Problem description: Restate word for word the lines below from the one that has "아래 그림 처럼 AWS" through the one that has "2月2日訊 2000年的今天", keeping both and dropping all pictures.

Data:
*-*-*
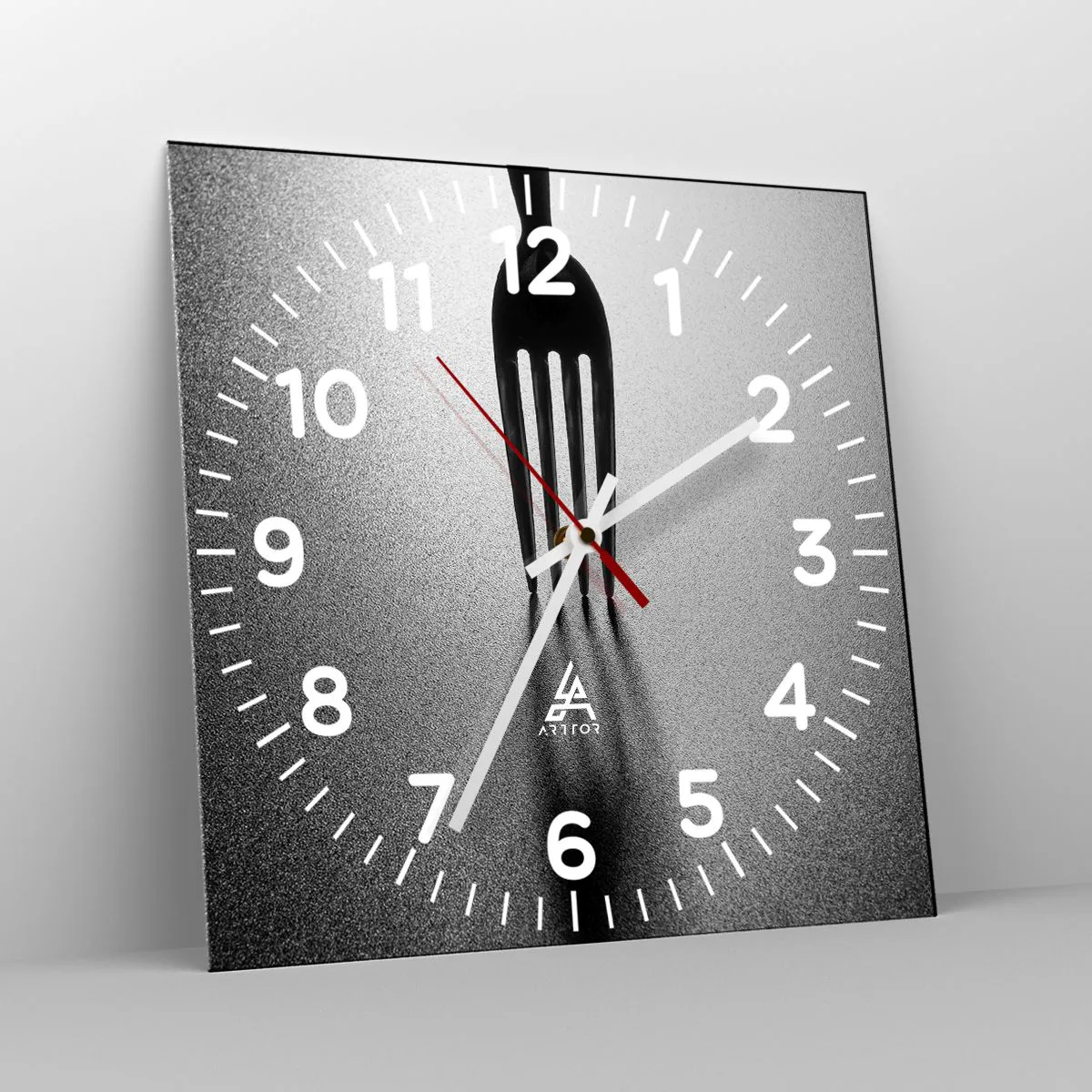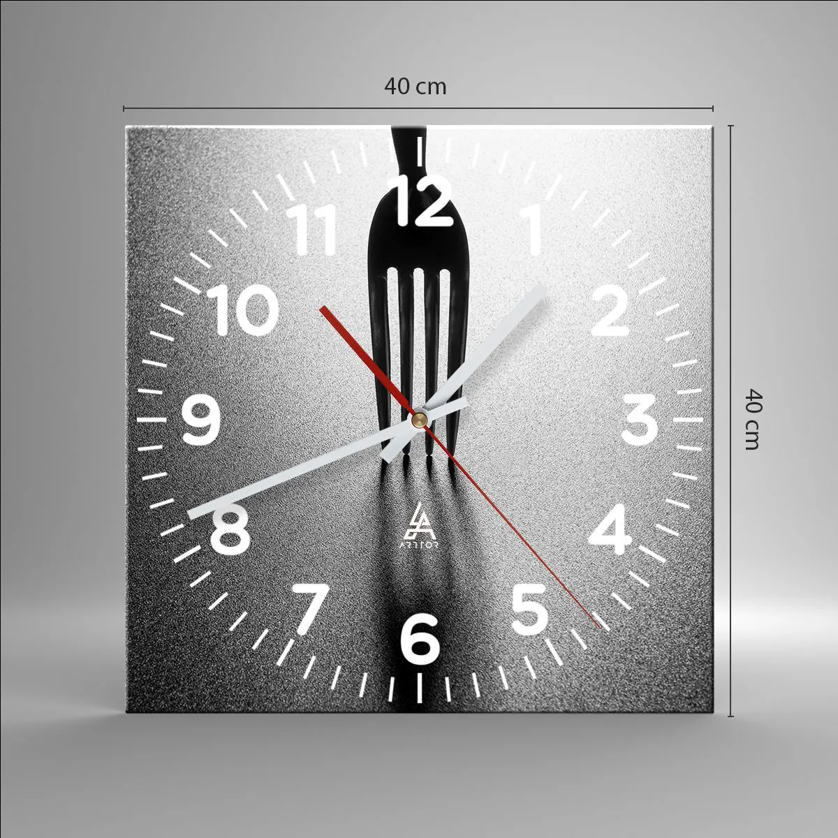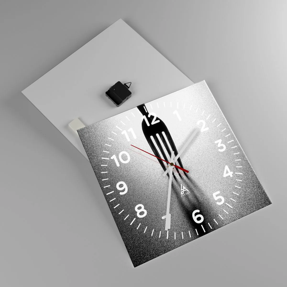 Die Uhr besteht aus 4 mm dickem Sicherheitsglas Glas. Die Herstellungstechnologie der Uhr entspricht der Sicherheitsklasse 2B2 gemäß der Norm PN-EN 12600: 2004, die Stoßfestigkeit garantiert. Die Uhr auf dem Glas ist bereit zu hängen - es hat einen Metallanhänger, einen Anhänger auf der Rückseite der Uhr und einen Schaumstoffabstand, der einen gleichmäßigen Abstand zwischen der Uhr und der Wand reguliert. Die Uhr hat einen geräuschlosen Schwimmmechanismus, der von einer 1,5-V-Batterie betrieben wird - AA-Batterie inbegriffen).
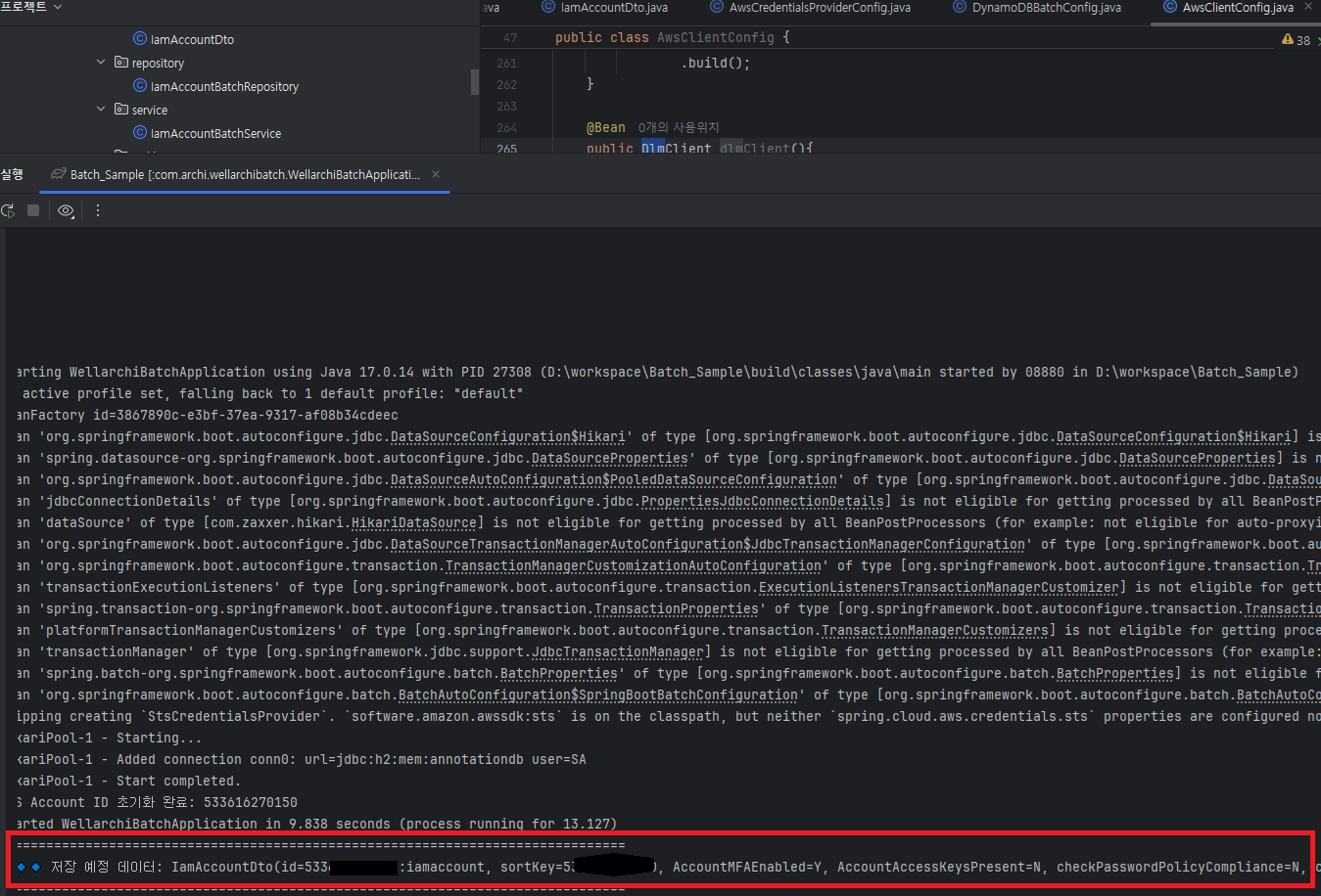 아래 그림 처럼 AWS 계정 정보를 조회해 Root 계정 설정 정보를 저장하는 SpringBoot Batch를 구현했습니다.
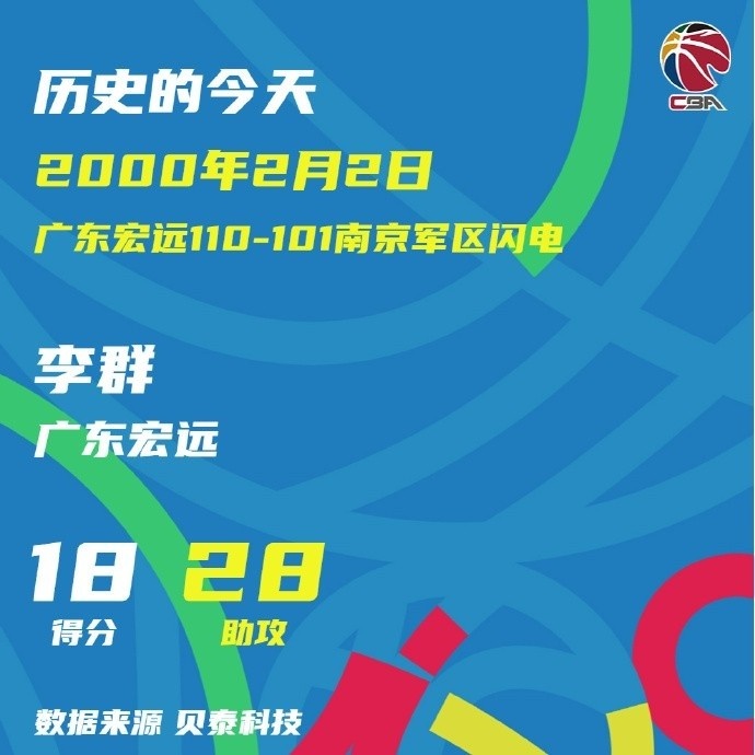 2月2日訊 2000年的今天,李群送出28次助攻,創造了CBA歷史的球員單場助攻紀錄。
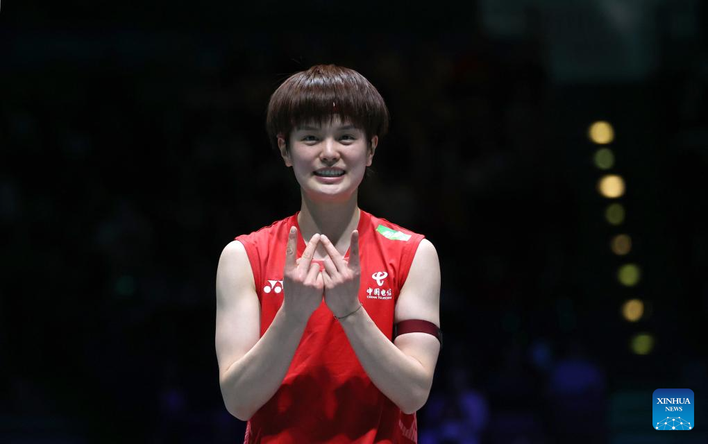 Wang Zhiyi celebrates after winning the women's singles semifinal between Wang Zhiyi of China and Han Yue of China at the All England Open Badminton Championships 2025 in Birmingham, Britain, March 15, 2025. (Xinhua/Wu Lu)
*-*-*
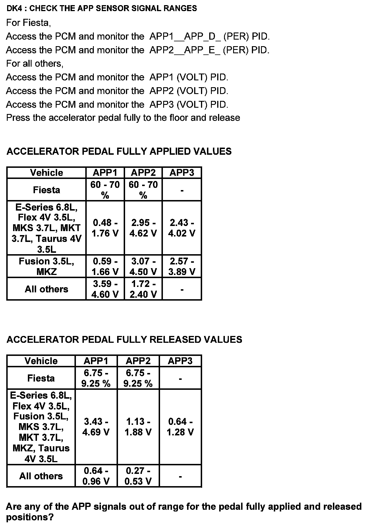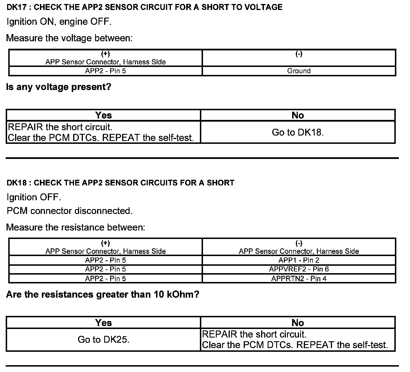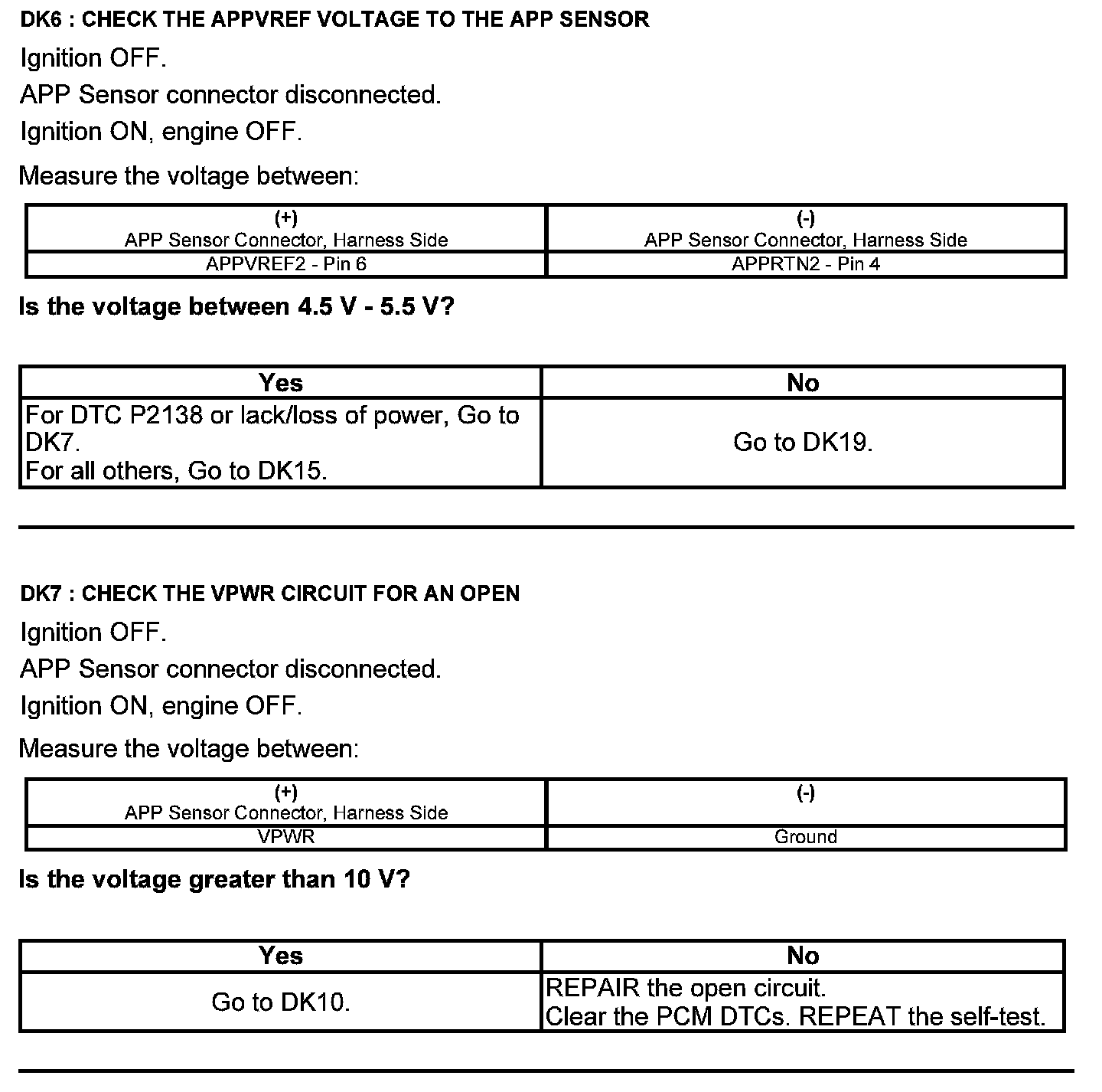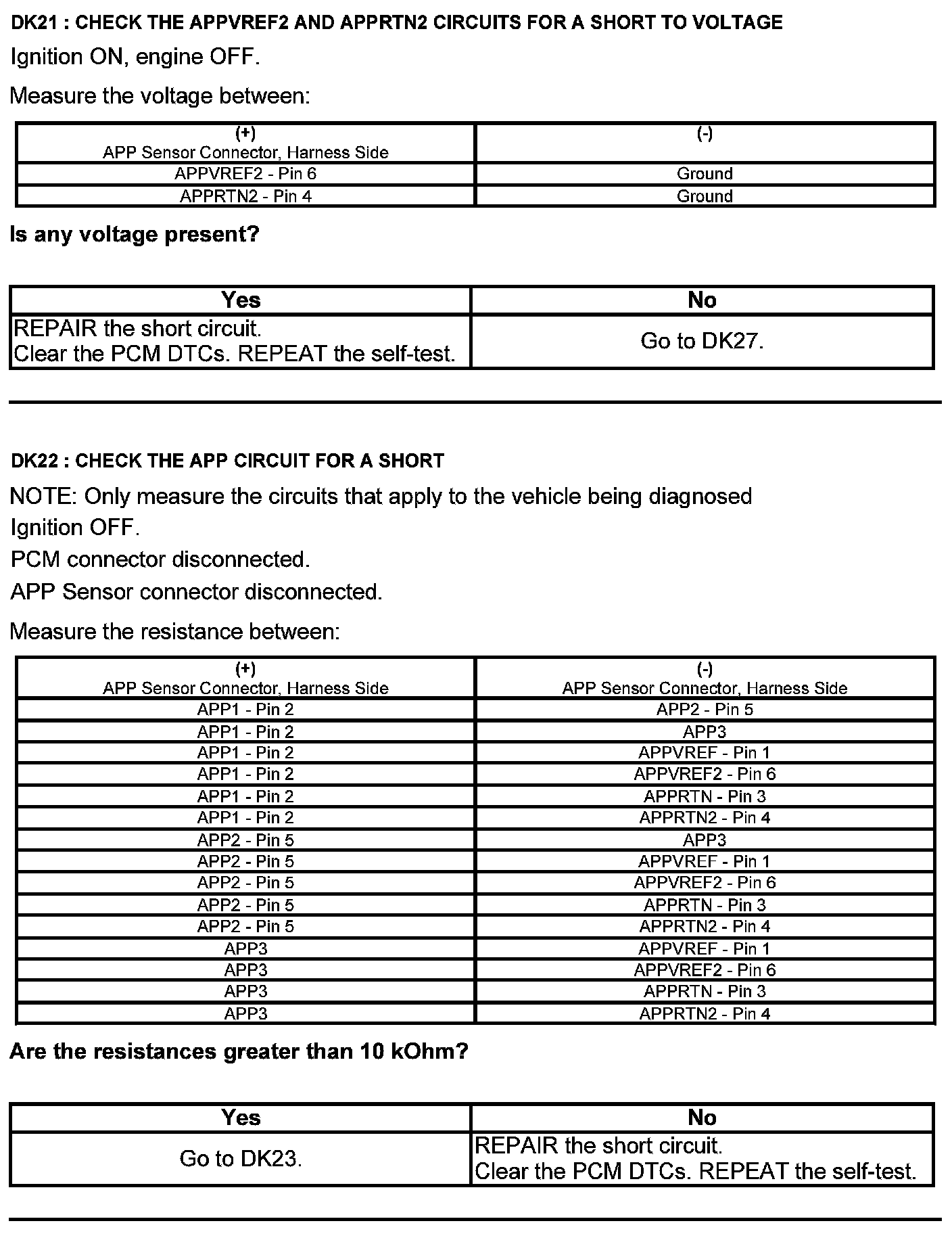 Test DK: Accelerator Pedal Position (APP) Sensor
*-*-*
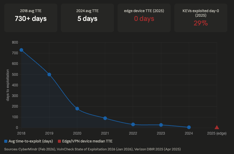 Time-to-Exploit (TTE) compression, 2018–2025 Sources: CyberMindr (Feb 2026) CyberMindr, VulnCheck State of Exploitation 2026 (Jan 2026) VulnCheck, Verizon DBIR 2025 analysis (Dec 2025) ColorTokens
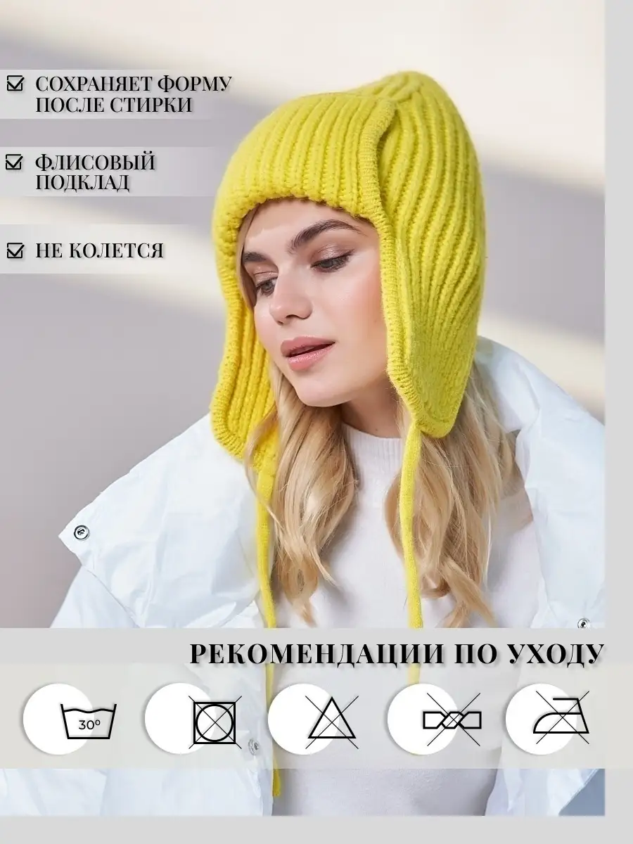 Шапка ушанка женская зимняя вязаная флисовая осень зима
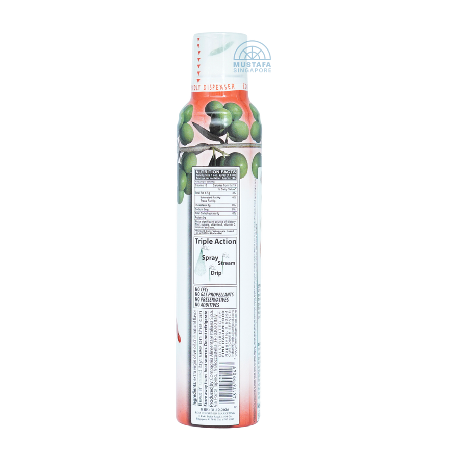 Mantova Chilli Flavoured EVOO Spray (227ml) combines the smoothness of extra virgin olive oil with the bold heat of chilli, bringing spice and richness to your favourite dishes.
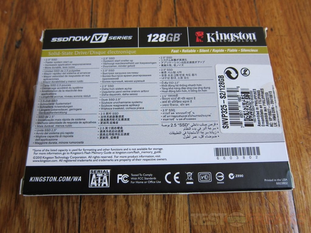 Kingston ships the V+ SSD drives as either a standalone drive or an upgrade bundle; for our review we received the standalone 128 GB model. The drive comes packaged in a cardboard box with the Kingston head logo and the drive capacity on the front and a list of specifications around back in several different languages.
*-*-*
Solution to this problem:
 아래 그림 처럼 AWS 계정 정보를 조회해 Root 계정 설정 정보를 저장하는 SpringBoot Batch를 구현했습니다.
 2月2日訊 2000年的今天,李群送出28次助攻,創造了CBA歷史的球員單場助攻紀錄。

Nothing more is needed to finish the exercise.